- **YOUR ASSIGNMENT**: Reproduce, from the lines below, exactly the stretch that begins at the line containing "A9/A10建面约108㎡三室两厅两卫" and ends at the line containing "部門辦公廳關于做好 2025 年汽車以舊換新工作的通知》等國家相關部門的發(fā)文要求。", both included.

BEGIN DATASET RECORDS

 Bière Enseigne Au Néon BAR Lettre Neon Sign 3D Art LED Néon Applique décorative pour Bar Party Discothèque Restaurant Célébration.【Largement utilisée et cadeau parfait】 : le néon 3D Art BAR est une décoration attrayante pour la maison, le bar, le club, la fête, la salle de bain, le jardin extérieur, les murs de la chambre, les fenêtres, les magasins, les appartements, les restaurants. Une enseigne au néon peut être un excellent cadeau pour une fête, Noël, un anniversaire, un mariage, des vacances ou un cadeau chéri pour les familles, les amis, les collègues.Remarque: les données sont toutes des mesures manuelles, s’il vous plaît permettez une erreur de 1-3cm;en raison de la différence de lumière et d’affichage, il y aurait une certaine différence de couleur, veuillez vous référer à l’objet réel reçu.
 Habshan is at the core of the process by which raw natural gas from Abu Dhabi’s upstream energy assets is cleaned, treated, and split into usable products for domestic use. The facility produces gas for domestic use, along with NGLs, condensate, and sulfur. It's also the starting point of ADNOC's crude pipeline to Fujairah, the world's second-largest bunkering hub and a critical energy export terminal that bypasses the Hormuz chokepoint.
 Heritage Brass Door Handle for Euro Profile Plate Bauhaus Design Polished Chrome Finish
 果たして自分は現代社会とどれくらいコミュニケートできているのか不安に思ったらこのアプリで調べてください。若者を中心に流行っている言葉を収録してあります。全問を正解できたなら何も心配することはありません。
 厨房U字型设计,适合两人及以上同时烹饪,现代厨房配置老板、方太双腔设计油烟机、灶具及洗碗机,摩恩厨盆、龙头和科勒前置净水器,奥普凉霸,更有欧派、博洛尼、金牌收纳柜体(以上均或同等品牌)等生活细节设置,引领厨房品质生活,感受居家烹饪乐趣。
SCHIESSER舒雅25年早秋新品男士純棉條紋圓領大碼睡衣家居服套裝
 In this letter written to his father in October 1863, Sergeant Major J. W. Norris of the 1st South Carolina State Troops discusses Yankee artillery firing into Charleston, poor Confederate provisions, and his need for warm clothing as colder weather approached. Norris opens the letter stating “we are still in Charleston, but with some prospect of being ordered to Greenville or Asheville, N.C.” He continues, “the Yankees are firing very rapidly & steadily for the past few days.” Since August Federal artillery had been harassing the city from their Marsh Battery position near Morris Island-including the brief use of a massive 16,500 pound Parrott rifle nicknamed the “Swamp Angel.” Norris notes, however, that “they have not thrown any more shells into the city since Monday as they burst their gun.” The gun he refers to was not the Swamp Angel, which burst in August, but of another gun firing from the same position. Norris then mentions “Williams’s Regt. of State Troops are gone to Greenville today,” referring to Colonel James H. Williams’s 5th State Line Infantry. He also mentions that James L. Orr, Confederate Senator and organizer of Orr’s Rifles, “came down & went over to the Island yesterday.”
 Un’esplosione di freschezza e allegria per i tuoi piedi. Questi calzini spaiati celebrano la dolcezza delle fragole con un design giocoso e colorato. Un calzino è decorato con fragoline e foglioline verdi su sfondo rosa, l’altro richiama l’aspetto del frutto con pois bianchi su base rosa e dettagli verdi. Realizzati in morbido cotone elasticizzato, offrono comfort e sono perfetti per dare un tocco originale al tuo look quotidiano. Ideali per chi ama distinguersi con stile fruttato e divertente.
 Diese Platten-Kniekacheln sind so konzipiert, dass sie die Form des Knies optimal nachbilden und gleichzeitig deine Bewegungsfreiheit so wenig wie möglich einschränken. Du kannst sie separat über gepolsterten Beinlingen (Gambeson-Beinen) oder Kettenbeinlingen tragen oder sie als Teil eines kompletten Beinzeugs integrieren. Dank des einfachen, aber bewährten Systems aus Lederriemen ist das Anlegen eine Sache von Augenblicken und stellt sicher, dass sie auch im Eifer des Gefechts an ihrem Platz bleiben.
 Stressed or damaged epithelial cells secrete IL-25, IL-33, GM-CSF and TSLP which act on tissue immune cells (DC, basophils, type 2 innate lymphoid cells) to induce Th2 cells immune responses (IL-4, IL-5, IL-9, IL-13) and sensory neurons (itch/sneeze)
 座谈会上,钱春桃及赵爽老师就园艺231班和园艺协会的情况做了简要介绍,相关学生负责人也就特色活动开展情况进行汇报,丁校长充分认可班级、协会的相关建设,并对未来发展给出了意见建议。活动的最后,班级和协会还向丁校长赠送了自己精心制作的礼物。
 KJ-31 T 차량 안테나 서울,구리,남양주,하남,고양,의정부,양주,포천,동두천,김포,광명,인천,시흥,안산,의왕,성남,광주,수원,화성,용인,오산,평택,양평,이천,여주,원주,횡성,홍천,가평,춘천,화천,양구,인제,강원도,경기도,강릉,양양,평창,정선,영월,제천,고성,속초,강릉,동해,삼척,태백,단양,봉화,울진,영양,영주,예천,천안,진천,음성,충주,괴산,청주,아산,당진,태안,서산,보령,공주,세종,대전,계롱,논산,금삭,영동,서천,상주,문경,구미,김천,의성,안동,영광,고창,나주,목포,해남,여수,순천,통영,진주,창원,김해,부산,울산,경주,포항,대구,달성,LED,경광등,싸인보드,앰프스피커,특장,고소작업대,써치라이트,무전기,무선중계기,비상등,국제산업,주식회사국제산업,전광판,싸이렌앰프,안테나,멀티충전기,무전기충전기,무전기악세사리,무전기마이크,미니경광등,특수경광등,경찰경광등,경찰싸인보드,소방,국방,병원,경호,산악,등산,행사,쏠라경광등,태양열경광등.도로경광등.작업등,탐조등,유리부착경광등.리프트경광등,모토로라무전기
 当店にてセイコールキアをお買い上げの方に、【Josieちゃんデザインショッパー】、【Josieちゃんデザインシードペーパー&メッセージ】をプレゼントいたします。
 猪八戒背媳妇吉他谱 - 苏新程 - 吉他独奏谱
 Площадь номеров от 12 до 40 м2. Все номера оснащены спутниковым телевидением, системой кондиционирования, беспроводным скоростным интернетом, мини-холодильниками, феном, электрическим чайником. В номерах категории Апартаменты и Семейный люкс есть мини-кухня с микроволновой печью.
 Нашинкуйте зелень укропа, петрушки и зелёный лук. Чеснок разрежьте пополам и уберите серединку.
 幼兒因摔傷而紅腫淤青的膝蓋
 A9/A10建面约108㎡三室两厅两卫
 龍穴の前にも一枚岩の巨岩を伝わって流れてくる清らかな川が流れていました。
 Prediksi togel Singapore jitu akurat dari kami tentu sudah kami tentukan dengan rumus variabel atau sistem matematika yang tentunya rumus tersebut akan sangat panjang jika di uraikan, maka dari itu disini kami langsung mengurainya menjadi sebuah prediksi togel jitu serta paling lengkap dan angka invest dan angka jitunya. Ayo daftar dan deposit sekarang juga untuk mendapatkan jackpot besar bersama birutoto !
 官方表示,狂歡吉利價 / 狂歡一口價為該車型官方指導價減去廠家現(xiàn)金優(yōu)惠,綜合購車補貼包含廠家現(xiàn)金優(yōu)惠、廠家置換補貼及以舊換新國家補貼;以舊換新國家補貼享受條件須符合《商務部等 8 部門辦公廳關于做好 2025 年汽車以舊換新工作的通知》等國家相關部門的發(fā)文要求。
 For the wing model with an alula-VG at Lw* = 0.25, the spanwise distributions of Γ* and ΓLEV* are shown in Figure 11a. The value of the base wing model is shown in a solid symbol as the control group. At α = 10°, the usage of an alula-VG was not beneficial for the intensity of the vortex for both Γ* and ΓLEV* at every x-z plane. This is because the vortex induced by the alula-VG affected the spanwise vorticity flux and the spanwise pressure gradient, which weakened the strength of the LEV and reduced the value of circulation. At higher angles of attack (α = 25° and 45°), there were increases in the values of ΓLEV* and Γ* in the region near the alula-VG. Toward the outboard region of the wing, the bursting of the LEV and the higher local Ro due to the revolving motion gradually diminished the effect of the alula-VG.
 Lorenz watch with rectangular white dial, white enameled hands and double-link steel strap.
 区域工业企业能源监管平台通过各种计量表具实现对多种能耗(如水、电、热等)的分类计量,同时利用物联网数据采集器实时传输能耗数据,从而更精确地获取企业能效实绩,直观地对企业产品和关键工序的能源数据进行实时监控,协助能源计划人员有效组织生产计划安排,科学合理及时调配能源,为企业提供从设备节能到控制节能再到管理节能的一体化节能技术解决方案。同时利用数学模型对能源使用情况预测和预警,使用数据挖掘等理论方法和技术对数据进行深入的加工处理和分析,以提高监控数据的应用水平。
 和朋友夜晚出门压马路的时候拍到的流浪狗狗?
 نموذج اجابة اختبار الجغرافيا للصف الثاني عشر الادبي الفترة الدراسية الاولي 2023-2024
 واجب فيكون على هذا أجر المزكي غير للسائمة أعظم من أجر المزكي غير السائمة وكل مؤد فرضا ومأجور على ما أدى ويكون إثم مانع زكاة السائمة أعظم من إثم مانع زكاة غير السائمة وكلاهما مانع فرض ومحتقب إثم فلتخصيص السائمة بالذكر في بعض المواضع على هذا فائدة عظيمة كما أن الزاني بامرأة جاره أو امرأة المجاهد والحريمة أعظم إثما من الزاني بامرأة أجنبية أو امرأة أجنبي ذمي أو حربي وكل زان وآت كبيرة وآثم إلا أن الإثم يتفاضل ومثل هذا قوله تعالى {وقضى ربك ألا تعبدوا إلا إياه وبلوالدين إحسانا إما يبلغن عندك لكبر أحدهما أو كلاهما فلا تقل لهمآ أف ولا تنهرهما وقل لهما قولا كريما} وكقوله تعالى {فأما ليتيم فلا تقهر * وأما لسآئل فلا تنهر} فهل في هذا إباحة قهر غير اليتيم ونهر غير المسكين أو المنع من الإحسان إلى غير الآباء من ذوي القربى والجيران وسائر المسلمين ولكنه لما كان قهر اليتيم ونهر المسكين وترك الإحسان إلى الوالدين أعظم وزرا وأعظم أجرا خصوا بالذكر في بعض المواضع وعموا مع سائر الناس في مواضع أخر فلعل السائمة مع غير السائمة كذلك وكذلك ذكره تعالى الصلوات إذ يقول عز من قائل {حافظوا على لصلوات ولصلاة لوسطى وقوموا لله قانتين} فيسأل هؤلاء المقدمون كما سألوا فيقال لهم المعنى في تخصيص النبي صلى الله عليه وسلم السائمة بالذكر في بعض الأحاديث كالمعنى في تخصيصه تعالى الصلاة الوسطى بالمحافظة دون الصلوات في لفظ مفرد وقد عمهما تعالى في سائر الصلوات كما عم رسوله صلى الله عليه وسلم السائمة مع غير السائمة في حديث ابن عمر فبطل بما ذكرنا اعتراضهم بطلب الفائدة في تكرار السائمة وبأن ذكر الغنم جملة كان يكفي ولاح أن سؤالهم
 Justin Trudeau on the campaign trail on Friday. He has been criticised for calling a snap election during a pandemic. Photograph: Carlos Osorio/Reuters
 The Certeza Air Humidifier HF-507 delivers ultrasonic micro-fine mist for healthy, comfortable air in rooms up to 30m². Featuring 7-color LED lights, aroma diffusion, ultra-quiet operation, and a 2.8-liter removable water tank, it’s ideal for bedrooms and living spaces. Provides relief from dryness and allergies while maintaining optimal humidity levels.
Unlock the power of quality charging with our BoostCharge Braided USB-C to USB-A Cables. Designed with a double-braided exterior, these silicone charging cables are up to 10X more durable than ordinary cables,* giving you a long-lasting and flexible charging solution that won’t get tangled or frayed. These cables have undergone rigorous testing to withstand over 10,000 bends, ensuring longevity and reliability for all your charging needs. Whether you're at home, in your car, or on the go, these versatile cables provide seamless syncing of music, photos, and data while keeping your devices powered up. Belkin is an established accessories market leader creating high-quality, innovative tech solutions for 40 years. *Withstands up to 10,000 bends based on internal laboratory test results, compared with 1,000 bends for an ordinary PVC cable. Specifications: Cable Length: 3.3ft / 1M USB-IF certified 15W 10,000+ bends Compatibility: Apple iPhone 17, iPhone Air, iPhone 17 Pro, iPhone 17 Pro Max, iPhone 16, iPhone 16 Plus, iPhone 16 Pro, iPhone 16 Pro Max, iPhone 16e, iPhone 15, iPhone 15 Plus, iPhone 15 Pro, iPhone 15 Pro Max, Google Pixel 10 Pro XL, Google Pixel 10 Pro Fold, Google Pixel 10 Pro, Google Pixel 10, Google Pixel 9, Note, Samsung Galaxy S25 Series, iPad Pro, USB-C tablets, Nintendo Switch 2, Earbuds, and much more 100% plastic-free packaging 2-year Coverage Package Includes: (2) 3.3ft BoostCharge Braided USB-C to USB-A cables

END DATASET RECORDS

- **WRITTEN SOLUTION**:
 A9/A10建面约108㎡三室两厅两卫
 龍穴の前にも一枚岩の巨岩を伝わって流れてくる清らかな川が流れていました。
 Prediksi togel Singapore jitu akurat dari kami tentu sudah kami tentukan dengan rumus variabel atau sistem matematika yang tentunya rumus tersebut akan sangat panjang jika di uraikan, maka dari itu disini kami langsung mengurainya menjadi sebuah prediksi togel jitu serta paling lengkap dan angka invest dan angka jitunya. Ayo daftar dan deposit sekarang juga untuk mendapatkan jackpot besar bersama birutoto !
 官方表示,狂歡吉利價 / 狂歡一口價為該車型官方指導價減去廠家現(xiàn)金優(yōu)惠,綜合購車補貼包含廠家現(xiàn)金優(yōu)惠、廠家置換補貼及以舊換新國家補貼;以舊換新國家補貼享受條件須符合《商務部等 8 部門辦公廳關于做好 2025 年汽車以舊換新工作的通知》等國家相關部門的發(fā)文要求。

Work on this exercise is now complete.